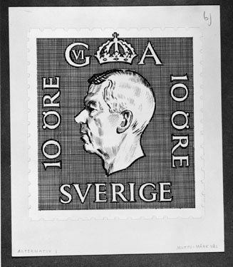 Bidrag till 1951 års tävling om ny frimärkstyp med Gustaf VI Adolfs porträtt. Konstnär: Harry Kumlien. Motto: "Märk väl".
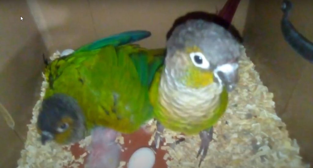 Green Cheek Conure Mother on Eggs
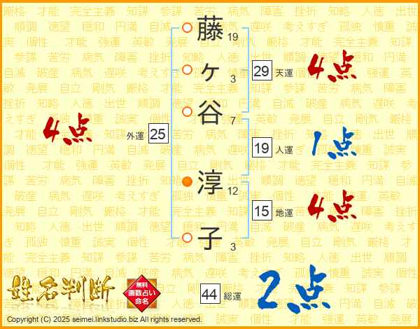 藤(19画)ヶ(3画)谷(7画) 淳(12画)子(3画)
...
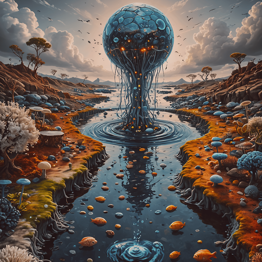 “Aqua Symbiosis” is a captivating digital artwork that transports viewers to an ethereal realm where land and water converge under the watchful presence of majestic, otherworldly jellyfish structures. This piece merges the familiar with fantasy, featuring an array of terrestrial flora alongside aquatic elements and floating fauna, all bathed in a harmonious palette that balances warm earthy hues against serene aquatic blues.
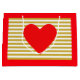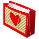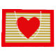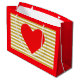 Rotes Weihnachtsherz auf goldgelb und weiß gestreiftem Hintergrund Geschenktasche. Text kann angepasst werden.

▶ _WORK TASK_
In the listing above, find the line containing "Bidrag till 1951" and the line containing "藤(19画)ヶ(3画)谷(7画) 淳(12画)子(3画)", then output those two lines and everything between them exactly as written, without the images.

▶ _ANSWER BOX_
 Bidrag till 1951 års tävling om ny frimärkstyp med Gustaf VI Adolfs porträtt. Konstnär: Harry Kumlien. Motto: "Märk väl".
 Green Cheek Conure Mother on Eggs
 藤(19画)ヶ(3画)谷(7画) 淳(12画)子(3画)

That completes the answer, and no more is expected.